**TASK STATEMENT**: Restate every line of the material below word for word, skipping the images.
-- SOURCE MATERIAL follows --
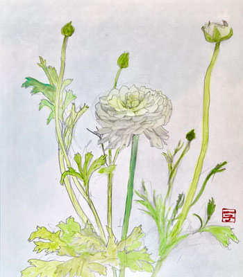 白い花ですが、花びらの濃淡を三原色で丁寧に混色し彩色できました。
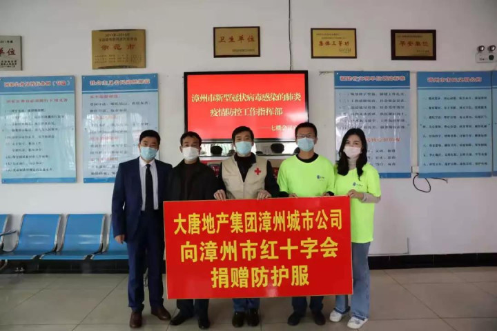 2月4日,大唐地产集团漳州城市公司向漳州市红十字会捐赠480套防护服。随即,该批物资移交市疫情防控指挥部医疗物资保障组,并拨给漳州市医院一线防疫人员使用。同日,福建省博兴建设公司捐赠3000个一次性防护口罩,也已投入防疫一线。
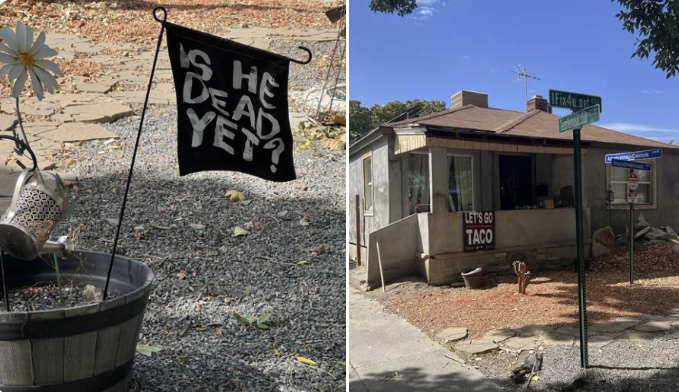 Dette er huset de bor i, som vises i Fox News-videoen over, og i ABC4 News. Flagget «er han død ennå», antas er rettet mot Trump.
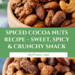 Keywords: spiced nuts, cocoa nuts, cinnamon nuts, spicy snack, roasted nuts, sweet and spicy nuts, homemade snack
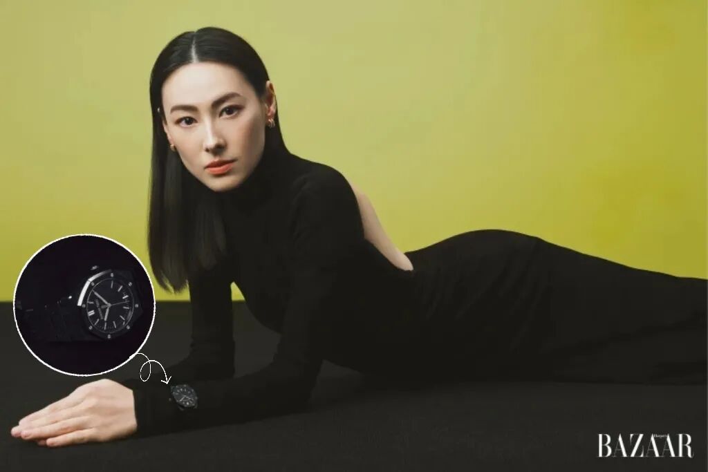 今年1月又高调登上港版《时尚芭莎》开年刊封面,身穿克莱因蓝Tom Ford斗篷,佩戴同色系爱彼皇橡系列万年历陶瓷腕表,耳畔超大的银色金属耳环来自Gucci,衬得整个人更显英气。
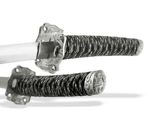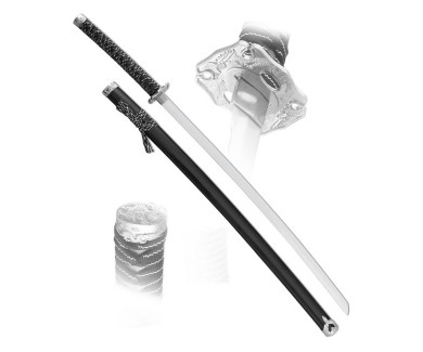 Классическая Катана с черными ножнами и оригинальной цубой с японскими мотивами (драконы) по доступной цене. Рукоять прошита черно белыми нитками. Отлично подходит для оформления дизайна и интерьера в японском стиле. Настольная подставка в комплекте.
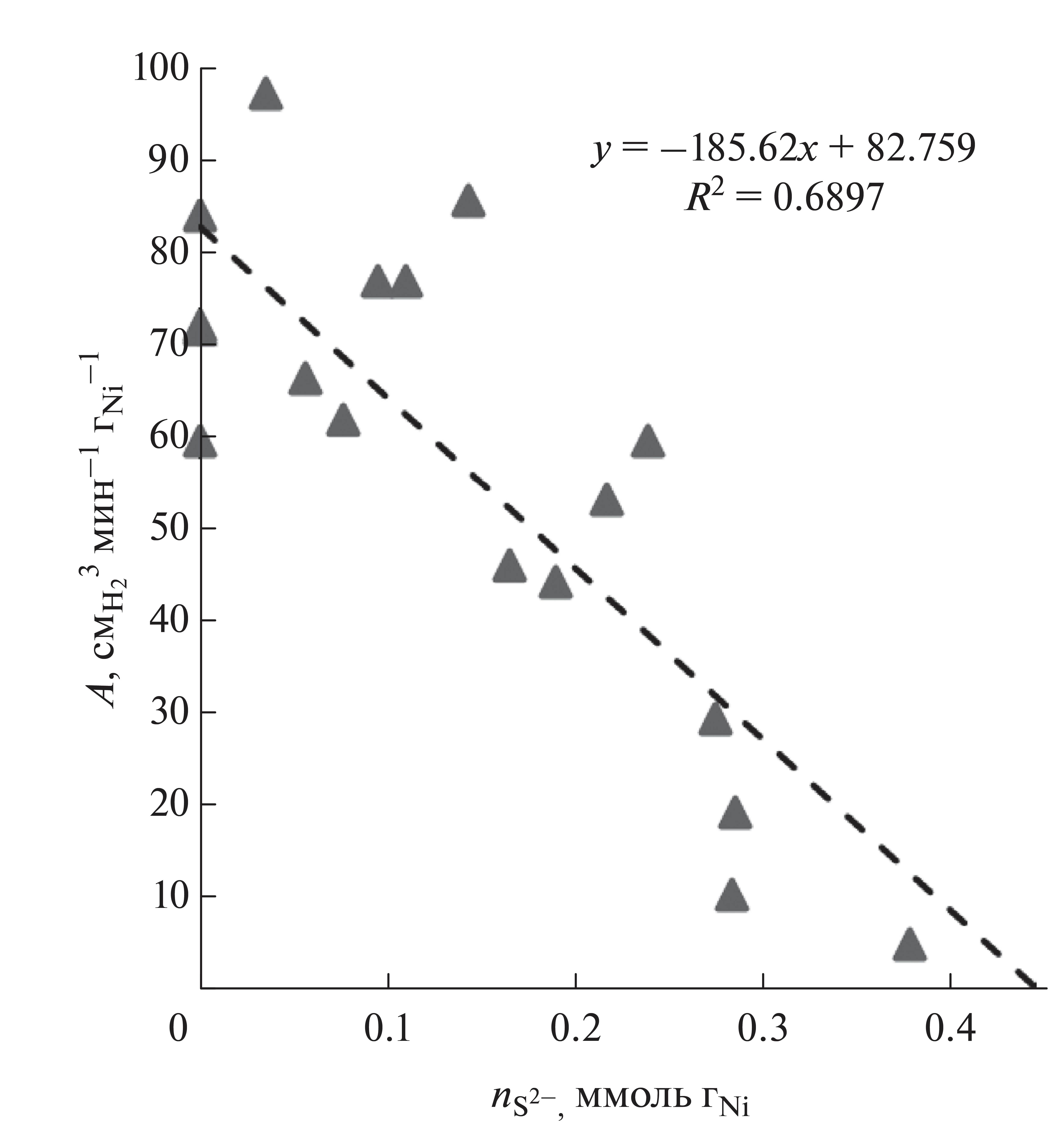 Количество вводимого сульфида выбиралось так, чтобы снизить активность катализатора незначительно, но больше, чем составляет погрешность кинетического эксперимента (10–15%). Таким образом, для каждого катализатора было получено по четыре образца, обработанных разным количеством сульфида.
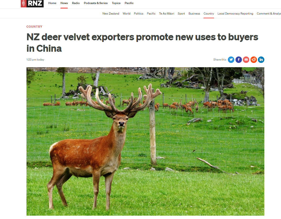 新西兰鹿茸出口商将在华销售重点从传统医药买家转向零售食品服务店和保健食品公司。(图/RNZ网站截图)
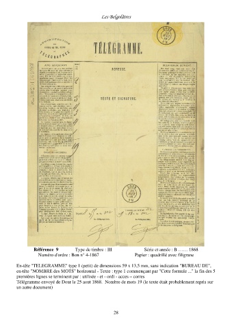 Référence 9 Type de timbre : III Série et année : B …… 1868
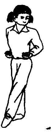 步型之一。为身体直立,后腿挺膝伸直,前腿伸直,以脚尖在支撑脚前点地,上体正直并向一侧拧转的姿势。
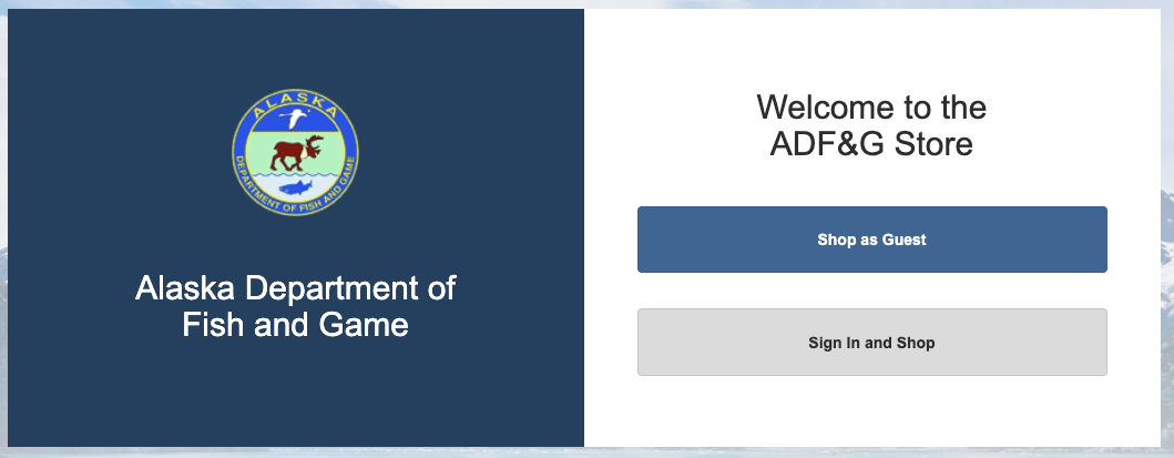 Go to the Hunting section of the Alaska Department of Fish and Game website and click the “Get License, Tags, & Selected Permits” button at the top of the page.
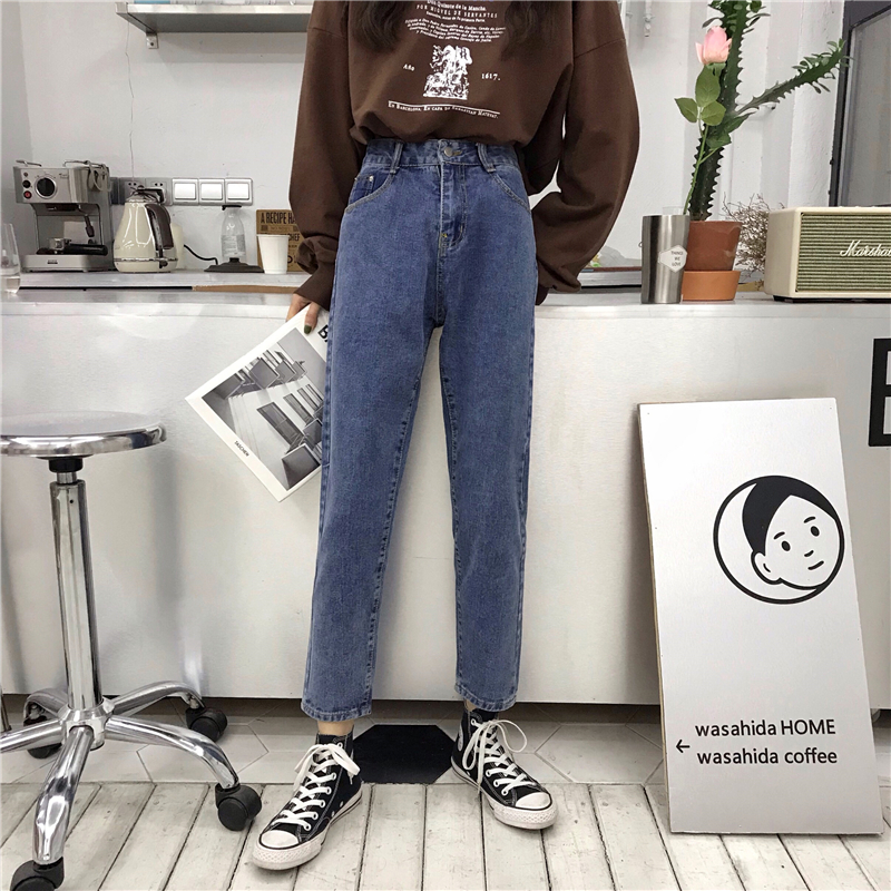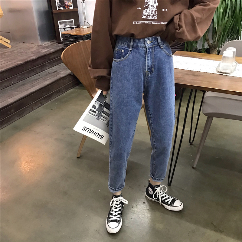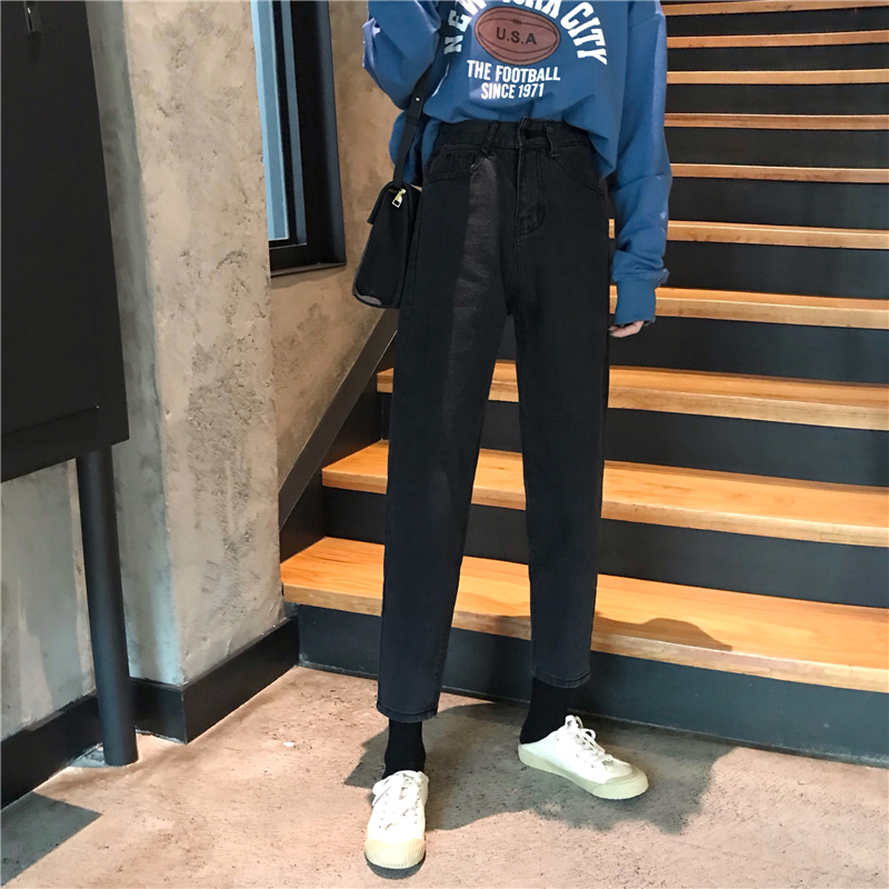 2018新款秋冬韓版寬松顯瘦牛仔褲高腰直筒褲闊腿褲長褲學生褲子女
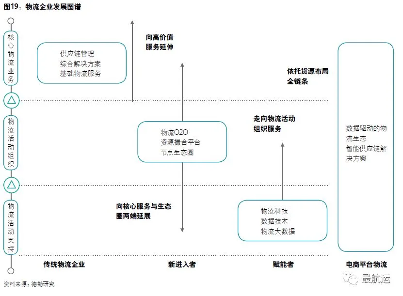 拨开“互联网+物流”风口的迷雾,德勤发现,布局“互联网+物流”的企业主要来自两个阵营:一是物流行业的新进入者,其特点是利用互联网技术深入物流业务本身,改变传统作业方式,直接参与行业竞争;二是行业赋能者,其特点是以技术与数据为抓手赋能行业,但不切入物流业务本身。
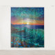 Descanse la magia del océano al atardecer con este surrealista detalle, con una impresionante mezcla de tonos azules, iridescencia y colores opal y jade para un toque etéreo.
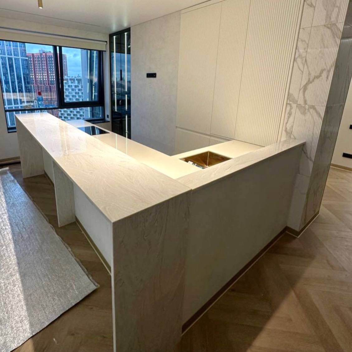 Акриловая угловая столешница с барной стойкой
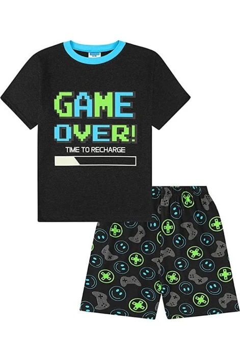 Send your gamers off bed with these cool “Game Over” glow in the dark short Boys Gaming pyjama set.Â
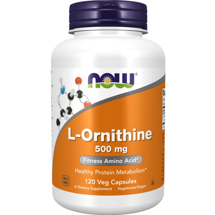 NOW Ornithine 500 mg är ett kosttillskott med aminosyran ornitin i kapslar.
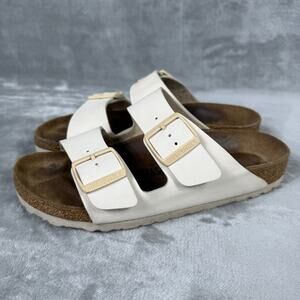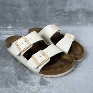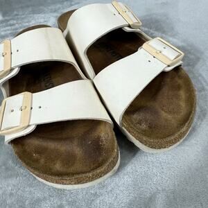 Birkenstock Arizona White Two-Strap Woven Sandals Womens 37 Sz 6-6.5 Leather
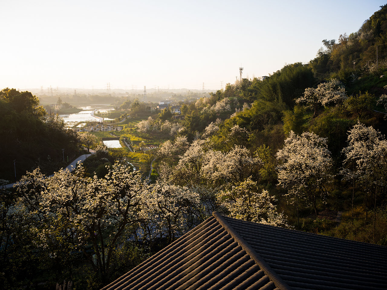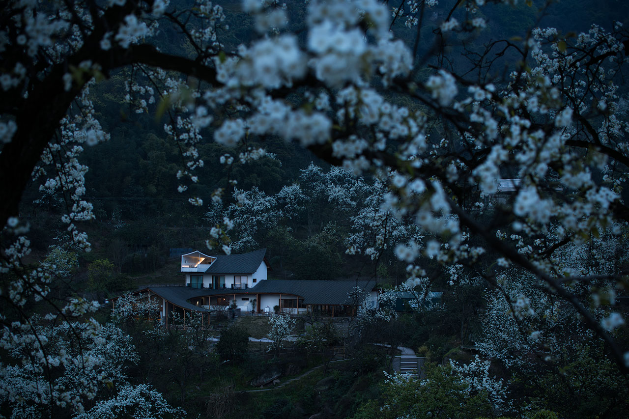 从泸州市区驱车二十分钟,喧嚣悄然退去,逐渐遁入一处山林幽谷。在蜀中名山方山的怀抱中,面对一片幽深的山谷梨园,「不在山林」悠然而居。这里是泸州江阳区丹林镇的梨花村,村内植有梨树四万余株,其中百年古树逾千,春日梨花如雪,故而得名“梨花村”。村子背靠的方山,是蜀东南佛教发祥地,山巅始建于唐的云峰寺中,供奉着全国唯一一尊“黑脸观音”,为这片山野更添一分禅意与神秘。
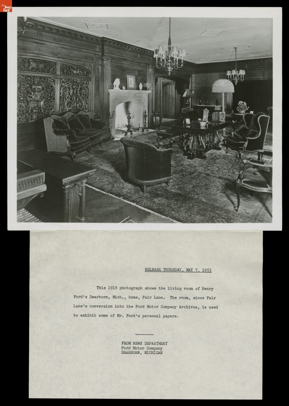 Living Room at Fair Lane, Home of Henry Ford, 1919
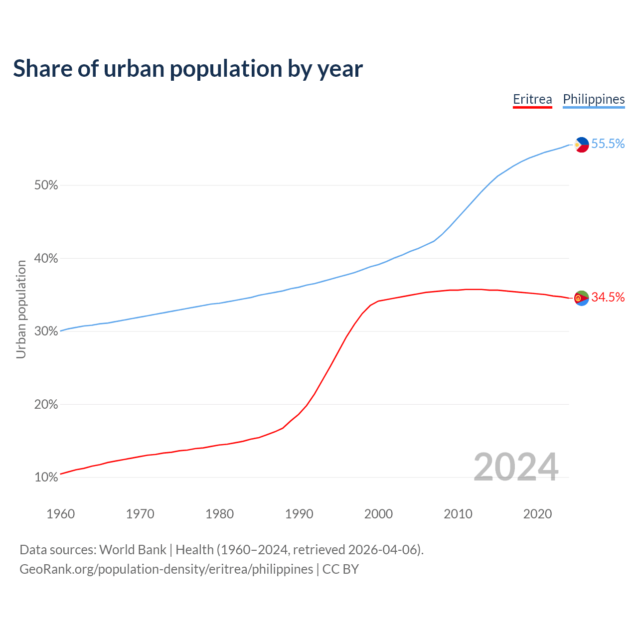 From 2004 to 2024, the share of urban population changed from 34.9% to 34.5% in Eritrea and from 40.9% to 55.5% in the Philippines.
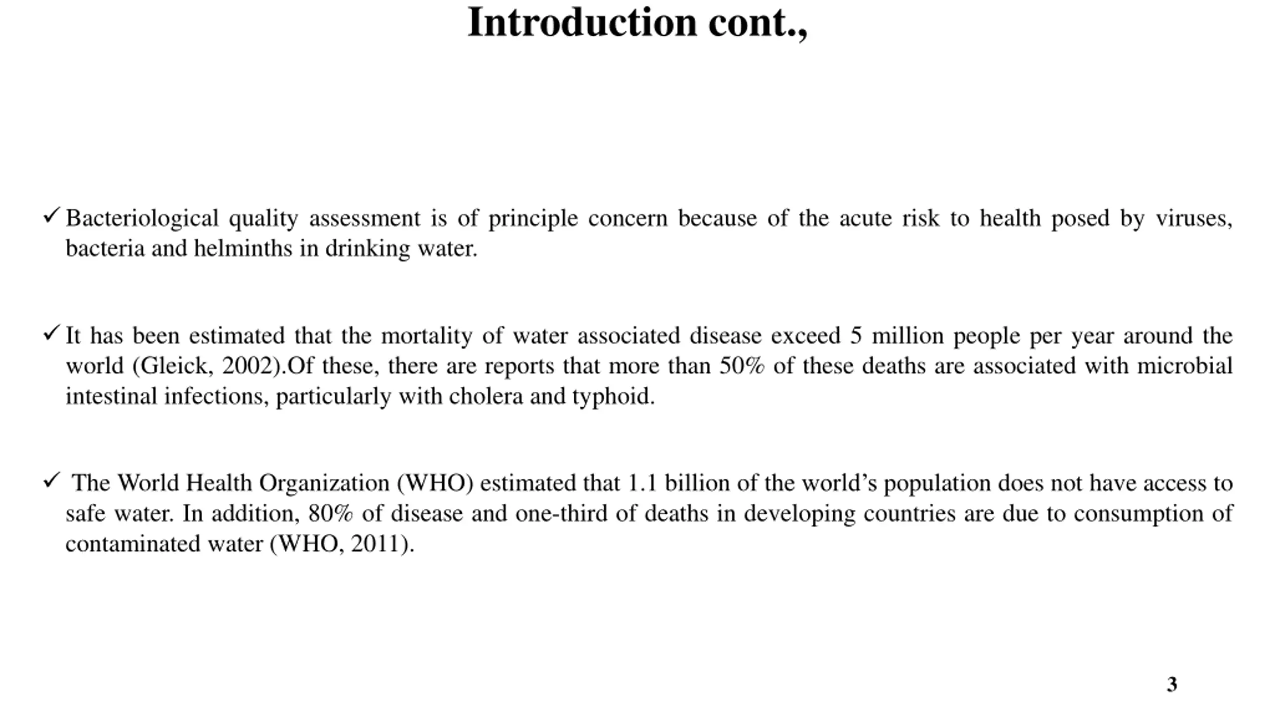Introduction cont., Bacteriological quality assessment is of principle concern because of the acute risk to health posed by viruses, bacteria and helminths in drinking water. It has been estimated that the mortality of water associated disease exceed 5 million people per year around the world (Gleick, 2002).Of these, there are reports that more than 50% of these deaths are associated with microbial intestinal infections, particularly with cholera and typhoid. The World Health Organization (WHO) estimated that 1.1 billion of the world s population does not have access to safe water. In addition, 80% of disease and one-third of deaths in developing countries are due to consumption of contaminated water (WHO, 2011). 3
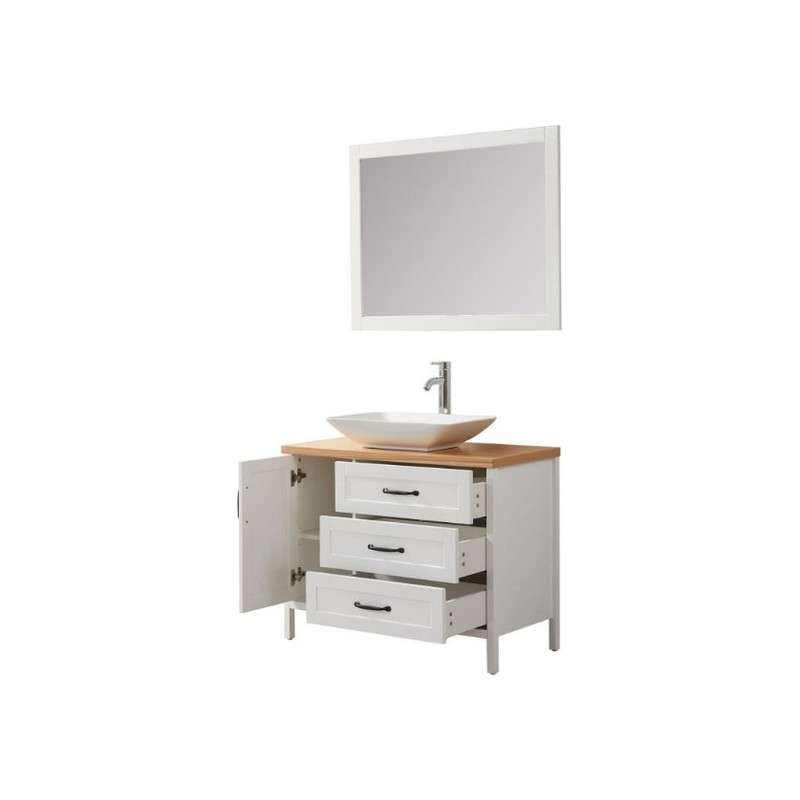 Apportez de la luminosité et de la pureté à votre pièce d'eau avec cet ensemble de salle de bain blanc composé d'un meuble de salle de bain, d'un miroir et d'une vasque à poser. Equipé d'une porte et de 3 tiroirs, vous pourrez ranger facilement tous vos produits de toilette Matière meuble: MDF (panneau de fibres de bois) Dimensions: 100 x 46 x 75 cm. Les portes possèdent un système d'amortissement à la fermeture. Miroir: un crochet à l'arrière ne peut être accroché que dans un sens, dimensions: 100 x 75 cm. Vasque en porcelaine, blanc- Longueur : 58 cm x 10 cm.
-- SOURCE MATERIAL concluded --
**ANSWER SPACE**:
 白い花ですが、花びらの濃淡を三原色で丁寧に混色し彩色できました。
 2月4日,大唐地产集团漳州城市公司向漳州市红十字会捐赠480套防护服。随即,该批物资移交市疫情防控指挥部医疗物资保障组,并拨给漳州市医院一线防疫人员使用。同日,福建省博兴建设公司捐赠3000个一次性防护口罩,也已投入防疫一线。
 Dette er huset de bor i, som vises i Fox News-videoen over, og i ABC4 News. Flagget «er han død ennå», antas er rettet mot Trump.
 Keywords: spiced nuts, cocoa nuts, cinnamon nuts, spicy snack, roasted nuts, sweet and spicy nuts, homemade snack
 今年1月又高调登上港版《时尚芭莎》开年刊封面,身穿克莱因蓝Tom Ford斗篷,佩戴同色系爱彼皇橡系列万年历陶瓷腕表,耳畔超大的银色金属耳环来自Gucci,衬得整个人更显英气。
 Классическая Катана с черными ножнами и оригинальной цубой с японскими мотивами (драконы) по доступной цене. Рукоять прошита черно белыми нитками. Отлично подходит для оформления дизайна и интерьера в японском стиле. Настольная подставка в комплекте.
 Количество вводимого сульфида выбиралось так, чтобы снизить активность катализатора незначительно, но больше, чем составляет погрешность кинетического эксперимента (10–15%). Таким образом, для каждого катализатора было получено по четыре образца, обработанных разным количеством сульфида.
 新西兰鹿茸出口商将在华销售重点从传统医药买家转向零售食品服务店和保健食品公司。(图/RNZ网站截图)
 Référence 9 Type de timbre : III Série et année : B …… 1868
 步型之一。为身体直立,后腿挺膝伸直,前腿伸直,以脚尖在支撑脚前点地,上体正直并向一侧拧转的姿势。
 Go to the Hunting section of the Alaska Department of Fish and Game website and click the “Get License, Tags, & Selected Permits” button at the top of the page.
 2018新款秋冬韓版寬松顯瘦牛仔褲高腰直筒褲闊腿褲長褲學生褲子女
 拨开“互联网+物流”风口的迷雾,德勤发现,布局“互联网+物流”的企业主要来自两个阵营:一是物流行业的新进入者,其特点是利用互联网技术深入物流业务本身,改变传统作业方式,直接参与行业竞争;二是行业赋能者,其特点是以技术与数据为抓手赋能行业,但不切入物流业务本身。
 Descanse la magia del océano al atardecer con este surrealista detalle, con una impresionante mezcla de tonos azules, iridescencia y colores opal y jade para un toque etéreo.
 Акриловая угловая столешница с барной стойкой
 Send your gamers off bed with these cool “Game Over” glow in the dark short Boys Gaming pyjama set.Â
 NOW Ornithine 500 mg är ett kosttillskott med aminosyran ornitin i kapslar.
 Birkenstock Arizona White Two-Strap Woven Sandals Womens 37 Sz 6-6.5 Leather
 从泸州市区驱车二十分钟,喧嚣悄然退去,逐渐遁入一处山林幽谷。在蜀中名山方山的怀抱中,面对一片幽深的山谷梨园,「不在山林」悠然而居。这里是泸州江阳区丹林镇的梨花村,村内植有梨树四万余株,其中百年古树逾千,春日梨花如雪,故而得名“梨花村”。村子背靠的方山,是蜀东南佛教发祥地,山巅始建于唐的云峰寺中,供奉着全国唯一一尊“黑脸观音”,为这片山野更添一分禅意与神秘。
 Living Room at Fair Lane, Home of Henry Ford, 1919
 From 2004 to 2024, the share of urban population changed from 34.9% to 34.5% in Eritrea and from 40.9% to 55.5% in the Philippines.
Introduction cont., Bacteriological quality assessment is of principle concern because of the acute risk to health posed by viruses, bacteria and helminths in drinking water. It has been estimated that the mortality of water associated disease exceed 5 million people per year around the world (Gleick, 2002).Of these, there are reports that more than 50% of these deaths are associated with microbial intestinal infections, particularly with cholera and typhoid. The World Health Organization (WHO) estimated that 1.1 billion of the world s population does not have access to safe water. In addition, 80% of disease and one-third of deaths in developing countries are due to consumption of contaminated water (WHO, 2011). 3
 Apportez de la luminosité et de la pureté à votre pièce d'eau avec cet ensemble de salle de bain blanc composé d'un meuble de salle de bain, d'un miroir et d'une vasque à poser. Equipé d'une porte et de 3 tiroirs, vous pourrez ranger facilement tous vos produits de toilette Matière meuble: MDF (panneau de fibres de bois) Dimensions: 100 x 46 x 75 cm. Les portes possèdent un système d'amortissement à la fermeture. Miroir: un crochet à l'arrière ne peut être accroché que dans un sens, dimensions: 100 x 75 cm. Vasque en porcelaine, blanc- Longueur : 58 cm x 10 cm.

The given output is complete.